Displaced by a fire that left the Tienie Meyer Bypass bridge in Bellville unsafe, dozens living beneath it must now be urgently housed by the City of Cape Town, which has seven days to provide emergency accommodation.
The ruling from the Western Cape High Court confirms that the families’ continued presence under the bridge posed an immediate and serious danger, not only to themselves but to passing motorists and surrounding infrastructure. The judge accepted expert evidence that the concrete structure had been compromised and that another fire or collapse could have catastrophic consequences.
At the centre of the case was Transnet SOC Ltd, which owns the marshalling yard beneath the bridge and sought urgent relief to remove the occupiers from land needed for freight operations and now deemed hazardous.
A structure no longer safe to occupy
The urgency stemmed from a professional engineer’s inspection conducted after a recent blaze beneath the bridge. The report described visible concrete spalling and delamination, warning that heat exposure had “potentially compromis[ed] the bridge’s overall structural integrity.”
The engineer recorded that “there are clear and visible signs of concrete spalling on the soffit of the bridge, which poses an immediate safety hazard,” and cautioned that reinforcement corrosion could follow if urgent repairs were not undertaken. Access to critical structural elements was blocked by informal dwellings, preventing proper assessment.
Most starkly, the report recommended the “immediate removal of the occupants under or adjacent to the damaged portions of the bridge to provide safe access and prevent further fire-related risks,” adding that the situation should be treated “with the highest level of urgency.”
The City itself did not dispute the danger. In its papers, it accepted that the occupiers’ continued presence presented “an immediate and demonstrable risk to life, limb and public safety.”
Procedure debated, safety decisive
Although the municipality raised concerns about whether the correct statutory route under the Prevention of Illegal Eviction Act had been followed, it did not oppose the removal in principle. The judge made it clear that technical arguments could not stand in the way of preventing potential injury or death.
“Urgent matters require rapid decision making,” the court said, noting that lengthy notice periods would “unduly delay and may defeat the object of preventing harm or even death.”
The court added that “the urgent removal of the occupiers has become non-negotiable,” emphasising that there was no realistic prospect of anyone being allowed to return to live under a structurally compromised bridge.
A home needs land, not just materials
Where the judgment becomes particularly pointed is in its treatment of the City’s housing response. The municipality argued that it faces overwhelming housing pressure and limited land. It offered emergency housing kits costing about R15 000 each, but said occupiers would need to find their own sites and assemble the structures themselves.
The judge rejected that approach in unusually direct language. “The idea that indigent South Africans … will simply be provided emergency housing kits … and be left to go and look for land, demonstrates how the City has no feeling of concern for the issue of land,” the judgment reads.

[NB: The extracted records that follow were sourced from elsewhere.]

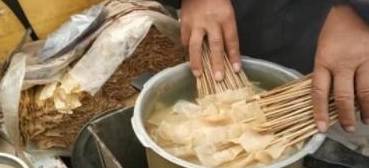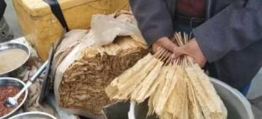 今天要给大家分享的是一位8旬的老大爷,在街头“甩卖”自创小吃,1元一根路人抢着吃,邻居:谁吃谁傻!大爷们的这种小吃,其实就是我们平时在集市上见到的人造肉,在火锅店里面也经常会见到这种食材,不过火锅店里面人们会把它称之为油豆皮儿,相信大家都有吃过吧,把油豆皮切成宽条之后,用竹签穿起来。
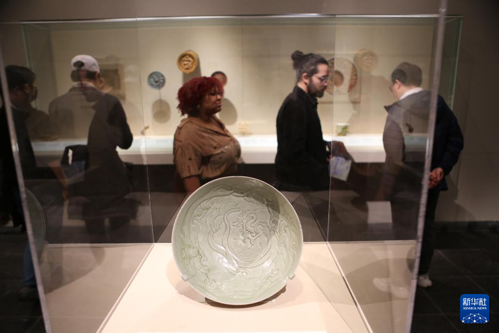 2月3日,在美国纽约大都会艺术博物馆,参观者走过“龙年吉祥”特展上展出的越窑青瓷龙纹碗。 当日,美国纽约大都会艺术博物馆2024“喜迎龙年·欢乐春节”庆祝活动举行,舞龙表演、木版年画、龙年特展等吸引大量参观者。 新华社记者 张凤国 摄
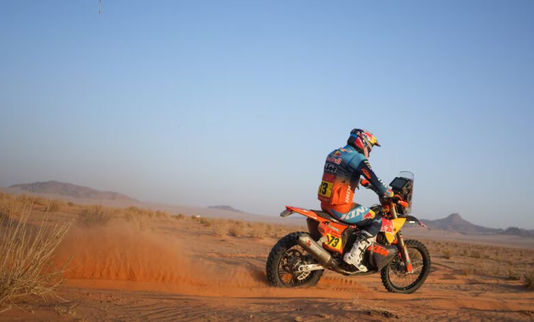 Luciano Benavides (KTM) se llevó la quinta etapa con un tiempo de 4h05m16s y el liderato lo recuperó con maestría durante la ruta del día Daniel Sanders, vigente campeón de la prueba. El australiano de KTM cuenta ahora con algo más de dos minutos de margen sobre el estadounidense Ricky Brabec (Honda) en la general, mientras Schareina se hunde desde la cabeza de carrera hasta la cuarta posición, a casi 12 minutos de su mayor rival por la victoria, todo un mundo cuando los últimos dakares en motos se han decidido por minutos e incluso segundos.

In a passage that cuts to the heart of the dispute, the court said, “there can be no ‘home’ without a place. Place is land. It is location,” before adding, “how the City can elevate and equate movable material to land … escapes my logic.”
The court found that the municipality had known for months that occupation under the bridge was unsafe and could not now claim that emergency arrangements were impossible.
The final order
The occupiers must vacate the specified portion of the property within 10 court days and are interdicted from re-entering or erecting structures there. The sheriff, assisted by police if necessary, may remove anyone who refuses to leave and clear incomplete structures.
Most significantly, the City must provide reasonable and emergency accommodation within seven days and must pay the costs of the application.